Now I know what a caged animal feels like after being freed...



I will apoligize in advance for the somewhat serious nature of this post. Now on to the goodness...

So I hope by now everyone has seen the new movie "Free Willy." Pretty sure it just came out. And if you haven't seen it yet, you should. I think it's still in theatres. Someday this movie will be a classic. I don't know how they got Michael Jackson to sing the title song from his grave but he did a great job as well. My favorite part is the ending when "Willy" is freed by the little asshole kid who spray painted "Willy's" house. After a wild chase, "Willy" is superimposed jumping over a huge jetti jumps over a large jetti to get himself to freedom. You should see the look on that whales face. Pure joy. You can't fake that kind of joy.

I now know that feeling. And it feels absolutely wonderful. As some of you may know, late last year I ended a 4 year relationship. I will not bash my ex as I am not bitter and she overall is a nice human being. I learned a lot from that relationship. Unfortunately I had to learn those lessons the hard way(BTW is there an easy way to learn things in life, I am unaware of it). The first little while after the breakup was extremely hard. But over the last month or so I have not felt better in my life. I'm starting to be the real Gato Negro again. A friend of mine even said to me, "you've been less of a pussy lately." My friends are so uplifting.

Anyway when Willy was released back into the wild he could do whatever he wanted. Hunt seal, jump around in the ocean, swim with friends, whatever his heart desired.
Now that I'm over that whole situation I too can hunt seal(women), jump around in the ocean(play golf), and swim with friends(drink with friends). I can do what I want. I did not enjoy the single life at first, now I am embracing it and actually enjoying myself. I am similar to "Willy" or any animal being released back to the wild. You have to learn the way the world works again. The adult dating world is interesting, that's for sure. The last time I became single after a long term relationship was back in college and I went on a 5 year bender of booze and women. And a perfect example of my bender is my previous post. There will be many more stories to be told. While I don't plan on going another 5 years without a girlfriend, I do plan on attacking the single life with the same tenacity as I did 9 years ago. My ridiculous thoughts, crazy sayings and general obnoxiousness is coming back HARD. I guess you can take the beast out of the wild, but you can't take the wild out of the beast. I just compared myself with a killer whale, a beast and used the words attack and tenacity when talking about "single life." This is normal right? Long story short being single is fun again and I will dominate life once again. The above picture is a metaphor for what I plan on doing to the single life. I will soon write a blog about single girls as I find them to be hilarious and "hot messes".

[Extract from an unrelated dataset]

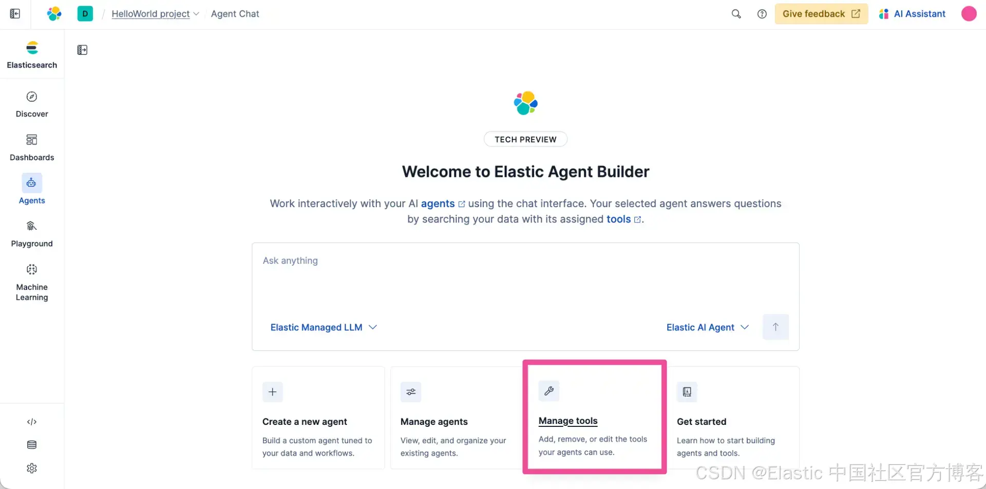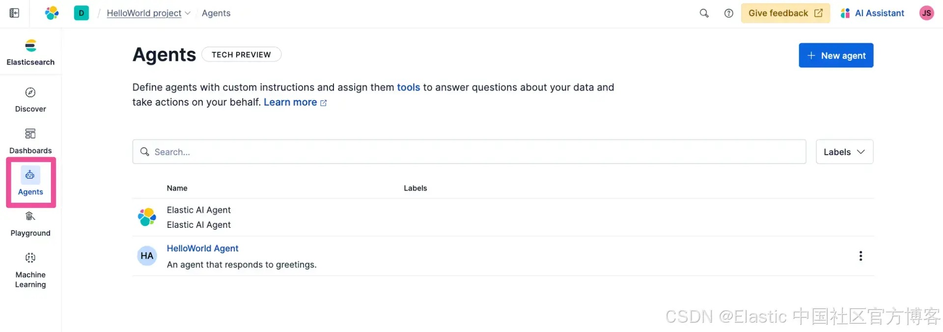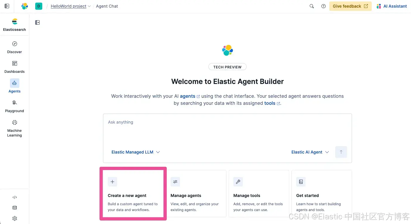 你将被带到 Agents 列表,在那里可以看到新的 HelloWorld Agent 已经创建。我们可以在 Agent Builder 中快速测试我们的新 agent。在导航菜单中选择 Agents。

A married friend, with whom I will not mention for fear his wife could read this, said something that was so insightful while cracking a joke that I actually stopped and thought about it. He said "I am rooting for you, you just got a second chance at life." When I really thought about it, he is 100% correct. I could be caught in some shitty marriage that makes me miserable, like most married people. Instead I get to start over and be that Orca that slays seals and jumps jetties. And unlike Willy my dorsel fin isnt bent. HA! I owe it to my idiot friends who got married married friends to make the best of this second chance at life. I owe them stories after every weekend. I will not do this for me, but for all those guys who married for love and now hate their wives lives.

"I got two tickets to the thunderdome, one for you, one for your emotional baggage."